## RECORDS SHOWN:
______________________________

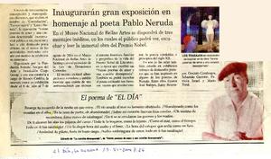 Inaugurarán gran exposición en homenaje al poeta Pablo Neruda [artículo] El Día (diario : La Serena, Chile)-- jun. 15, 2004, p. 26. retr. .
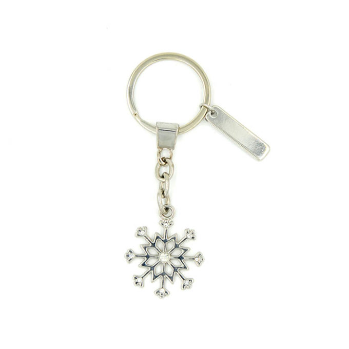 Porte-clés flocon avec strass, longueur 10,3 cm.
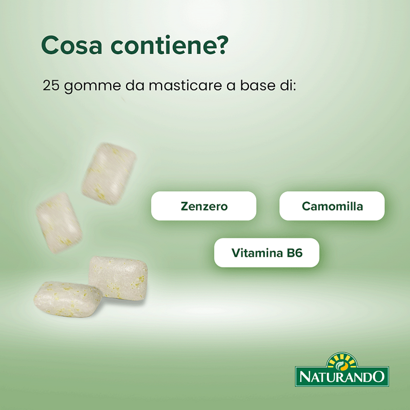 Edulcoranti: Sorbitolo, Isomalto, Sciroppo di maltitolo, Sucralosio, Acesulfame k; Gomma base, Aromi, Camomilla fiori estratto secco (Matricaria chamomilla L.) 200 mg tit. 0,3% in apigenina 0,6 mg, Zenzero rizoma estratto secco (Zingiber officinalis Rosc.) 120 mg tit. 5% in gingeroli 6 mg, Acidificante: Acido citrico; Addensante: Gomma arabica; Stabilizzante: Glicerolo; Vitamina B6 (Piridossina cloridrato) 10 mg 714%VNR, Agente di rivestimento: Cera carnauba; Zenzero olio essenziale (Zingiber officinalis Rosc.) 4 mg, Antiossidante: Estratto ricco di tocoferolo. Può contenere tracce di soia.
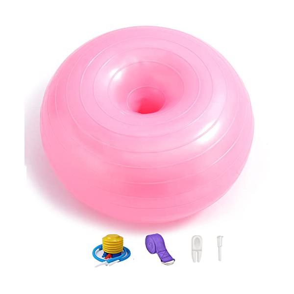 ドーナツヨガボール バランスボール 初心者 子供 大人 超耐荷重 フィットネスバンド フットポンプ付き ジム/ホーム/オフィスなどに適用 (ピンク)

______________________________

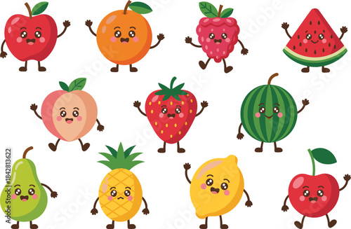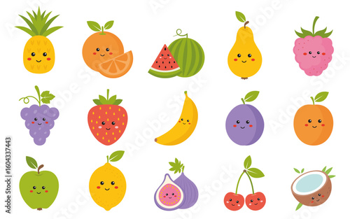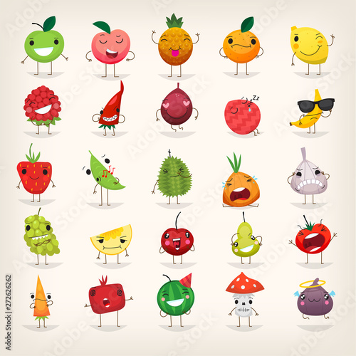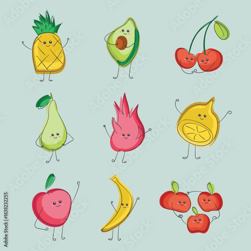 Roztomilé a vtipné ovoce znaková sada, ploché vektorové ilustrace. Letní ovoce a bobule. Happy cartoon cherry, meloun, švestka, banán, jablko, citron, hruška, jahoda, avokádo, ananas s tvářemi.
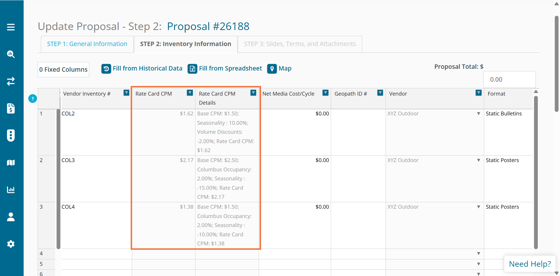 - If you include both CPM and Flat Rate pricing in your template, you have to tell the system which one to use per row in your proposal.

______________________________

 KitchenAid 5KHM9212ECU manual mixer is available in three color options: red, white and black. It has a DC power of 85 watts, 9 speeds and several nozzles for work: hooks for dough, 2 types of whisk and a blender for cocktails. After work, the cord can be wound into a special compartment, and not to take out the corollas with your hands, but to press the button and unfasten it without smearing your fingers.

______________________________

## TASK DETAILS:
In the data above, retype only the stretch from the line with "Inaugurarán gran exposición" through the line with "ドーナツヨガボール バランスボール 初心者", word for word, and skip any pictures.

## RESPONSE:
 Inaugurarán gran exposición en homenaje al poeta Pablo Neruda [artículo] El Día (diario : La Serena, Chile)-- jun. 15, 2004, p. 26. retr. .
 Porte-clés flocon avec strass, longueur 10,3 cm.
 Edulcoranti: Sorbitolo, Isomalto, Sciroppo di maltitolo, Sucralosio, Acesulfame k; Gomma base, Aromi, Camomilla fiori estratto secco (Matricaria chamomilla L.) 200 mg tit. 0,3% in apigenina 0,6 mg, Zenzero rizoma estratto secco (Zingiber officinalis Rosc.) 120 mg tit. 5% in gingeroli 6 mg, Acidificante: Acido citrico; Addensante: Gomma arabica; Stabilizzante: Glicerolo; Vitamina B6 (Piridossina cloridrato) 10 mg 714%VNR, Agente di rivestimento: Cera carnauba; Zenzero olio essenziale (Zingiber officinalis Rosc.) 4 mg, Antiossidante: Estratto ricco di tocoferolo. Può contenere tracce di soia.
 ドーナツヨガボール バランスボール 初心者 子供 大人 超耐荷重 フィットネスバンド フットポンプ付き ジム/ホーム/オフィスなどに適用 (ピンク)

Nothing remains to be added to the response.